---------- Dataset records
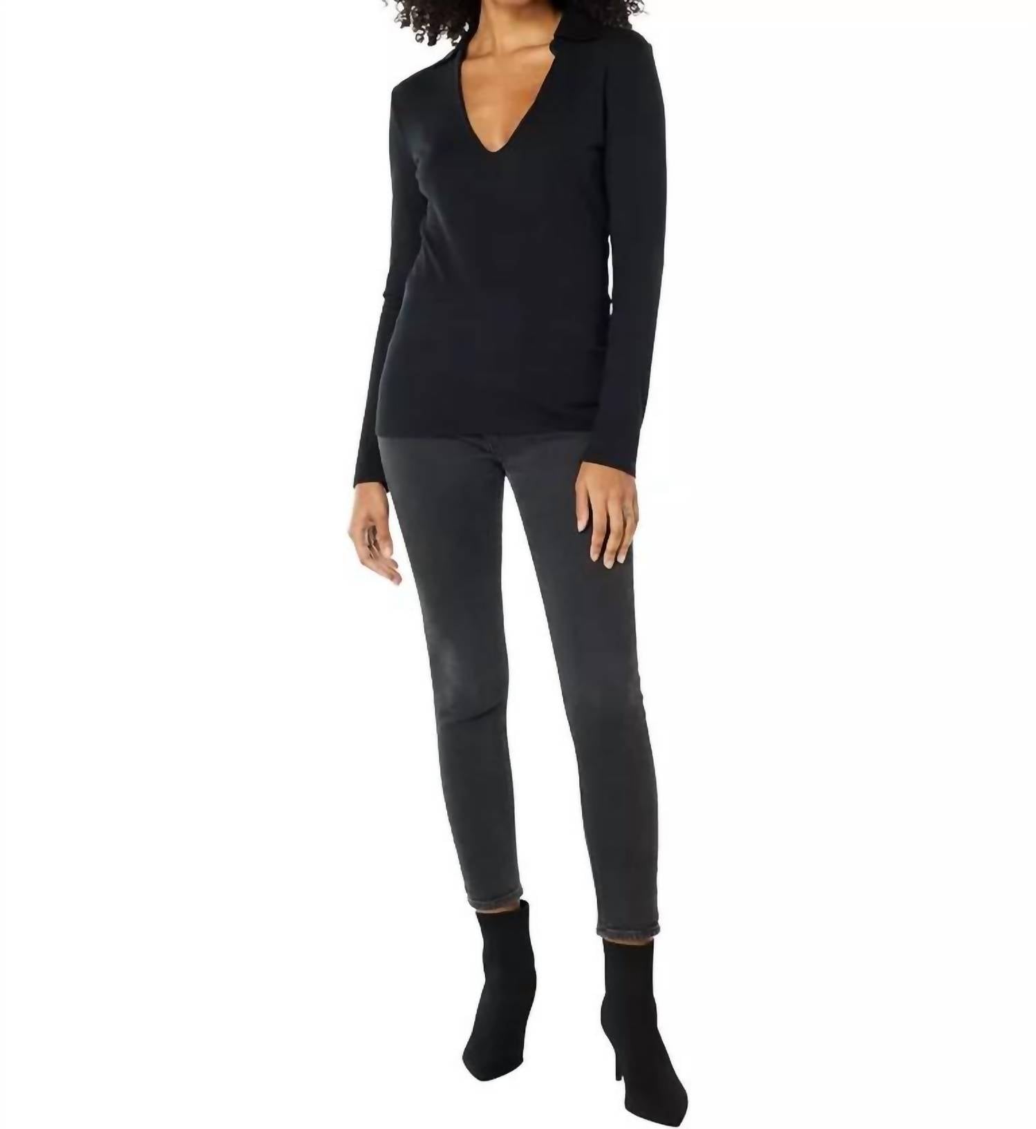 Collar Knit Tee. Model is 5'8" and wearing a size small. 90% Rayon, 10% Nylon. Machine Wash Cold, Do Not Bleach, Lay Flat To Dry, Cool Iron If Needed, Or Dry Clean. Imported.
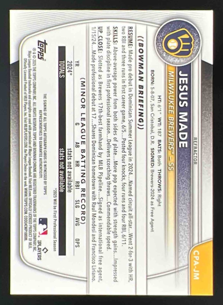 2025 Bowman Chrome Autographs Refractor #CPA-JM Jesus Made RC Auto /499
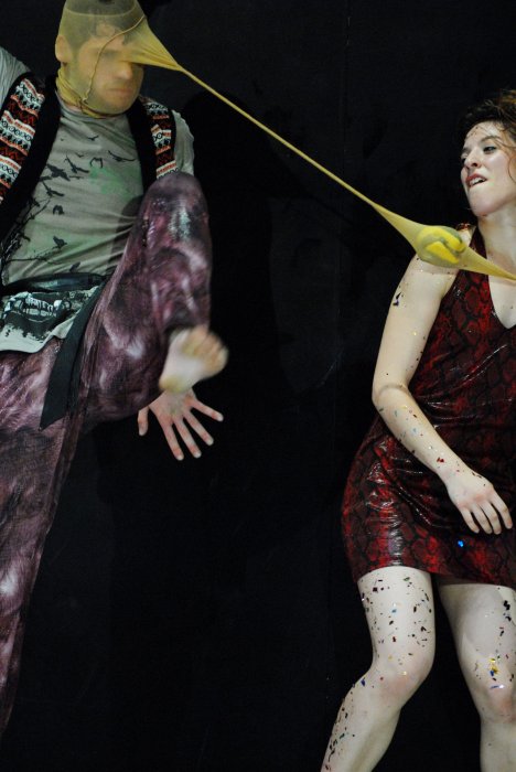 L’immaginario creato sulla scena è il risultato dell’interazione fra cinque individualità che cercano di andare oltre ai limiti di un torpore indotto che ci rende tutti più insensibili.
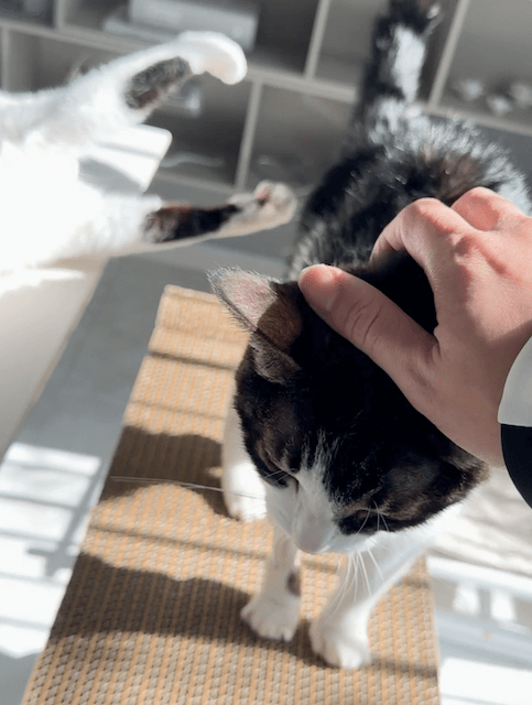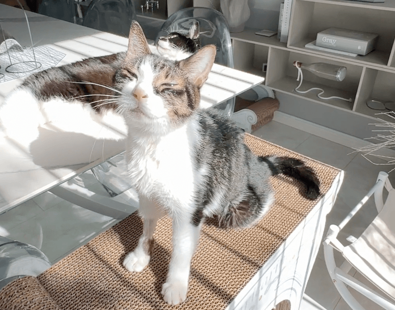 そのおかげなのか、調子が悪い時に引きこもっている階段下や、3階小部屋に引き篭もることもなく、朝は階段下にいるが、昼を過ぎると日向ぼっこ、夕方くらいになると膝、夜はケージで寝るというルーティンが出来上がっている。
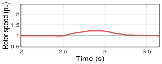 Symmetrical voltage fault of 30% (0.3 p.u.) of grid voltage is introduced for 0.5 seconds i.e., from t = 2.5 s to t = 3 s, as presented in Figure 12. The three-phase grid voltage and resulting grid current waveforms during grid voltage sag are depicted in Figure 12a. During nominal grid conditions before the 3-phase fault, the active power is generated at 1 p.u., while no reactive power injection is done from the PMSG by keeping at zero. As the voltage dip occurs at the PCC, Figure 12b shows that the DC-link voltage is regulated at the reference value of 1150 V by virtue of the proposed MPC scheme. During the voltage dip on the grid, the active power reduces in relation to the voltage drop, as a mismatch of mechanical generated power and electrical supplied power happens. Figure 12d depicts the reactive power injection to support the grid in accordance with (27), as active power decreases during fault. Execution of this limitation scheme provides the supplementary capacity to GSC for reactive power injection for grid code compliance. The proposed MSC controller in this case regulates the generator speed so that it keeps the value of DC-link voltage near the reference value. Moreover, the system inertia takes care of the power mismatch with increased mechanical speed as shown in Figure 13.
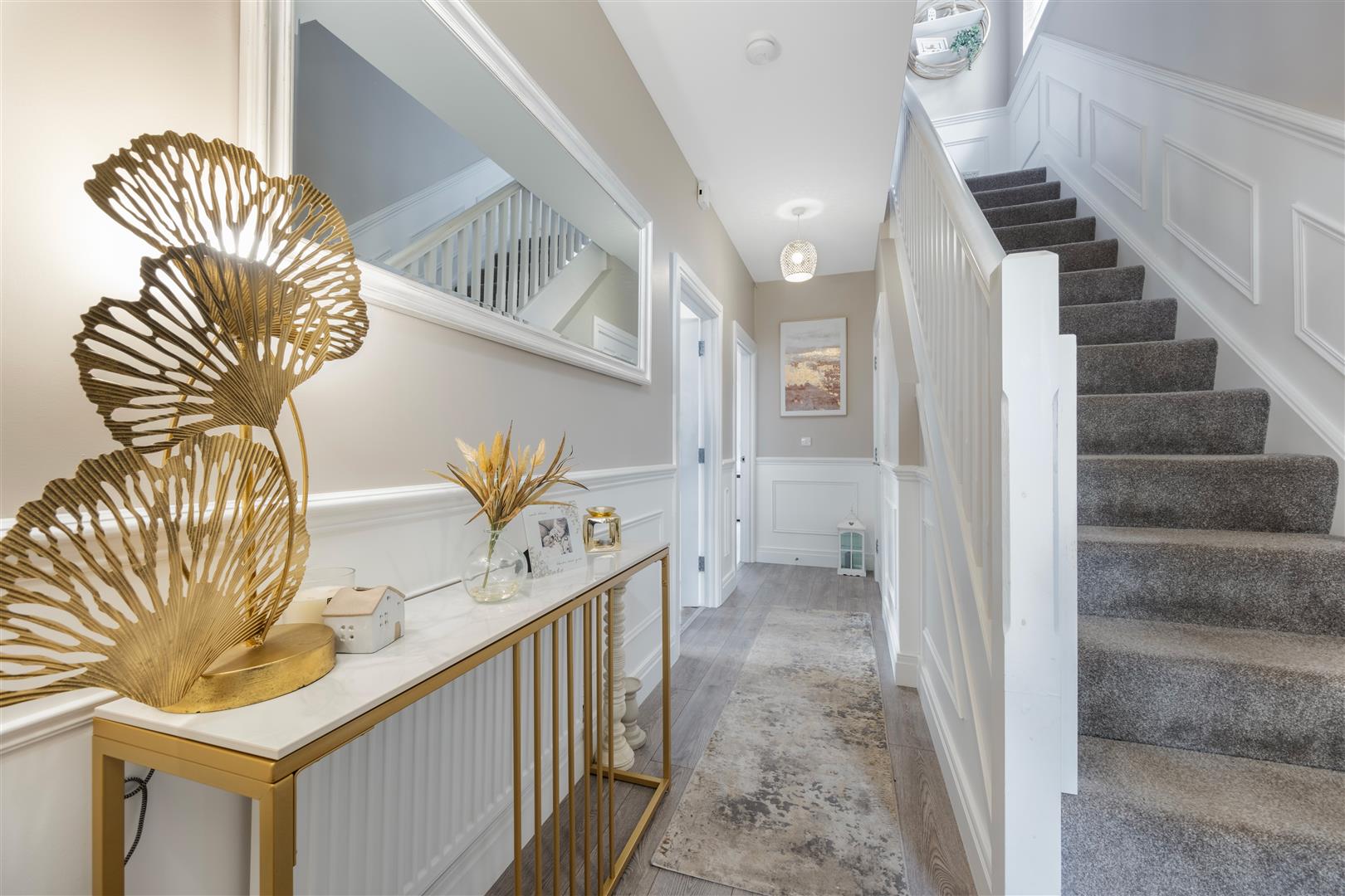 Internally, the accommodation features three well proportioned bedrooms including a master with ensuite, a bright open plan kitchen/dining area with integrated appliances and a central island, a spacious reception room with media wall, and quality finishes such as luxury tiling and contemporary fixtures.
--------------------
**Exercise**:
The records above are to be repeated exactly, with the pictures left out.

**Task answer**:
 Collar Knit Tee. Model is 5'8" and wearing a size small. 90% Rayon, 10% Nylon. Machine Wash Cold, Do Not Bleach, Lay Flat To Dry, Cool Iron If Needed, Or Dry Clean. Imported.
 2025 Bowman Chrome Autographs Refractor #CPA-JM Jesus Made RC Auto /499
 L’immaginario creato sulla scena è il risultato dell’interazione fra cinque individualità che cercano di andare oltre ai limiti di un torpore indotto che ci rende tutti più insensibili.
 そのおかげなのか、調子が悪い時に引きこもっている階段下や、3階小部屋に引き篭もることもなく、朝は階段下にいるが、昼を過ぎると日向ぼっこ、夕方くらいになると膝、夜はケージで寝るというルーティンが出来上がっている。
 Symmetrical voltage fault of 30% (0.3 p.u.) of grid voltage is introduced for 0.5 seconds i.e., from t = 2.5 s to t = 3 s, as presented in Figure 12. The three-phase grid voltage and resulting grid current waveforms during grid voltage sag are depicted in Figure 12a. During nominal grid conditions before the 3-phase fault, the active power is generated at 1 p.u., while no reactive power injection is done from the PMSG by keeping at zero. As the voltage dip occurs at the PCC, Figure 12b shows that the DC-link voltage is regulated at the reference value of 1150 V by virtue of the proposed MPC scheme. During the voltage dip on the grid, the active power reduces in relation to the voltage drop, as a mismatch of mechanical generated power and electrical supplied power happens. Figure 12d depicts the reactive power injection to support the grid in accordance with (27), as active power decreases during fault. Execution of this limitation scheme provides the supplementary capacity to GSC for reactive power injection for grid code compliance. The proposed MSC controller in this case regulates the generator speed so that it keeps the value of DC-link voltage near the reference value. Moreover, the system inertia takes care of the power mismatch with increased mechanical speed as shown in Figure 13.
 Internally, the accommodation features three well proportioned bedrooms including a master with ensuite, a bright open plan kitchen/dining area with integrated appliances and a central island, a spacious reception room with media wall, and quality finishes such as luxury tiling and contemporary fixtures.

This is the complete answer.